Levante evidencia que as diferentes condições estruturais e sociais mudam significativamente o direito à justiça reprodutiva. Lorre Motta (Ciano) -ele/dele- destaca que isso se reflete na própria trama da personagem principal. “Quando uma pessoa preta busca saber sobre um aborto, ela é imediatamente encontrada, notificada. Toda perseguição que a Sofía e o grupo dela sofrem é por ela ser hipervisível, porque uma pessoa branca, cisgênera, vai fazer isso da forma mais anônima possível. Jamais seria condenada pela lei e jamais sofreria a violência que corpos pretos e/ou trans sofrem. A gente está exposto até demais.”
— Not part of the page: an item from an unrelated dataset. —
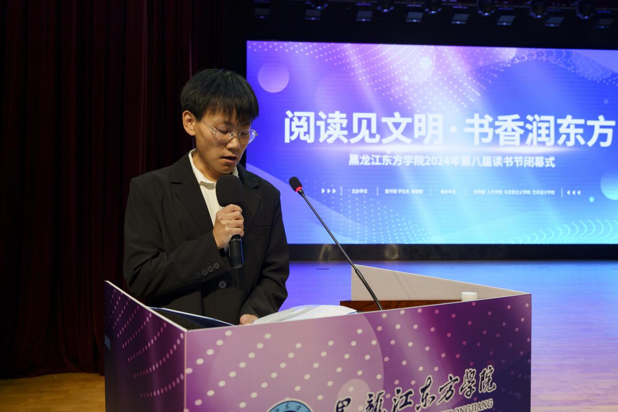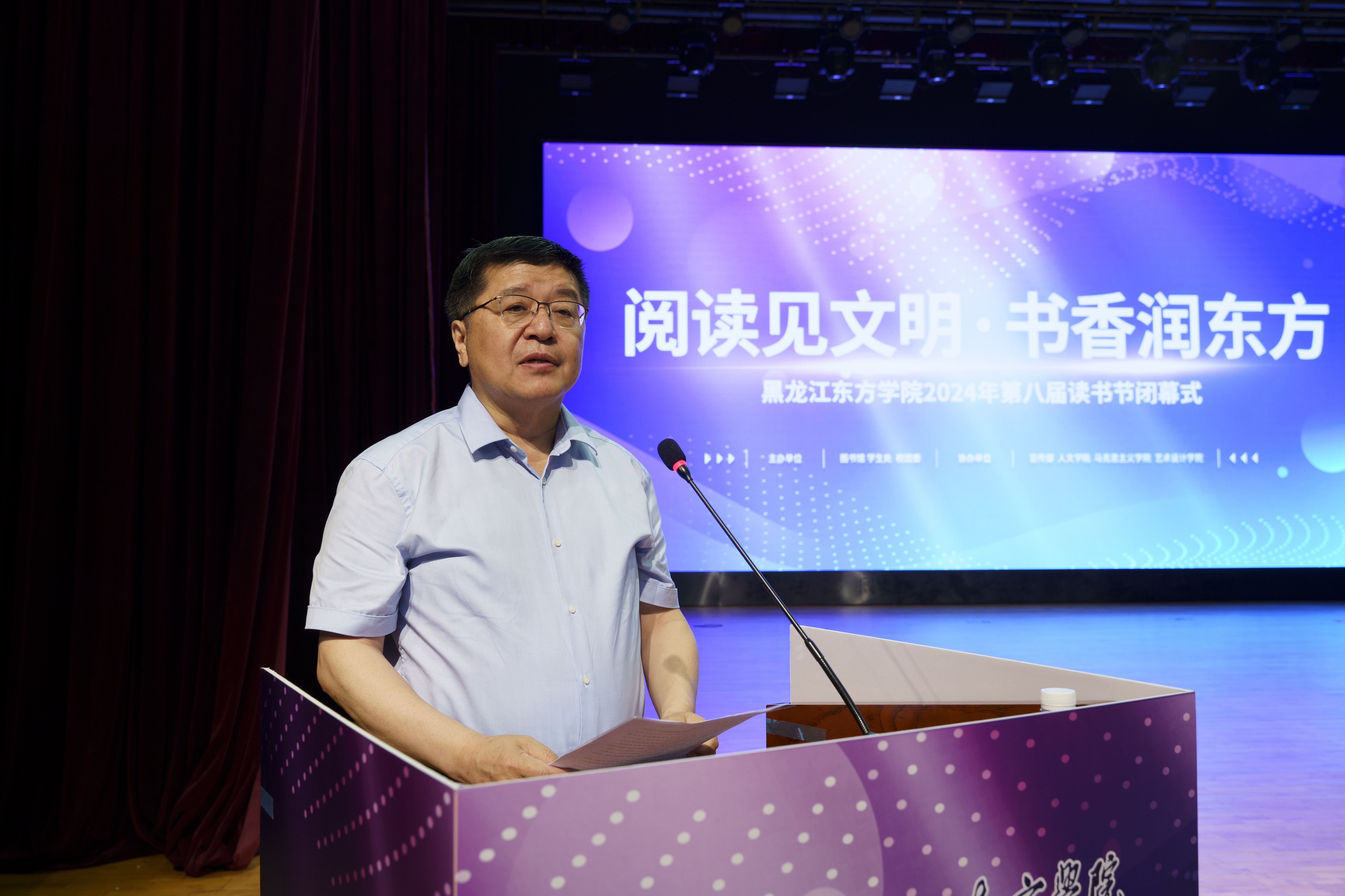 6月19日下午,我校2024年第八届读书节闭幕式在养正讲堂举行。学校副校长韩玉平,副校长程延江,黑龙江省工艺美术协会会长、汇丰照相器材集团董事长夏富祥出席,部分职能部门和学院负责人及近千名师生代表参加闭幕式。

A atriz Karina Ishida (Mayumi) – ela/dela – explica que “o que mais inspira é quebrar estigmas e parar de fingir que as coisas não acontecem, ou que é só com algumas pessoas”. Em um dos lançamentos do filme, a equipe perguntou para o público da sala de cinema quantas pessoas conhecem alguém que já havia abortado, e, elas contam, que praticamente todo o cinema ficou todo de pé. Vale destacar que em nenhum momento é relevante à narrativa o modo como Sofia engravidou. A decisão dela é o ponto de início e, mesmo que esse seja apenas um detalhe, a escolha de não mostrar o que aconteceu antes diz muito sobre o argumento central do longa-metragem.
A trilha sonora, composta por Maria Bertoldo, com participação especial de Badsista e Juçara Marçal, também dá o ritmo do filme e ocupa um lugar central na trama. As artistas contam que as próprias ideias para as músicas surgiram a partir de playlists colaborativas entre a equipe durante a preparação de elenco. É destaque também a fotografia, dirigida por Wilma Esser, em que as imagens revelam gozo e alegria sem fetichizar corpos LGBTQIA+s. É possível sentir através do que vemos que as imagens são construídas de dentro para dentro, e não a partir de um olhar exterior, cis-masculino.
Embora a presença feminina e dissidente seja marcante e maioria, o personagem do pai João (Rômulo Braga) também ganha importância no desenrolar de Levante. Lillah conta que a entrada desse personagem no roteiro também foi gradual, após uma série de pitches e reformulações. A presença do pai rende alguns dos melhores diálogos do filme, como o momento em que Sol (Grace Passô), treinadora do time, o aconselha: “Ou você ajuda ou você atrapalha”. O vínculo entre pai e filha também reforça o compromisso do filme em mostrar que o aborto é um tema para todas as pessoas.
O longa é repleto de imagens que acrescentam camadas oníricas e afetivas. Ao contrário do que se pode esperar em uma narrativa vendida pelo conservadorismo como violenta, o filme abre espaço para um mel que escorre, através de planos detalhes muito bem escolhidos, e de uma cumplicidade que fica visível, e encoraja, que assiste. Em resumo, o filme faz diversas defesas, que vão além do direito de decidir e existir. Defende também um cinema em que corpos marginalizados não sejam vitimizados na tela, mas que possam ser vistos como dignos de amor, afeto, doçura, e família. Em Levante, o coletivo não é uma utopia.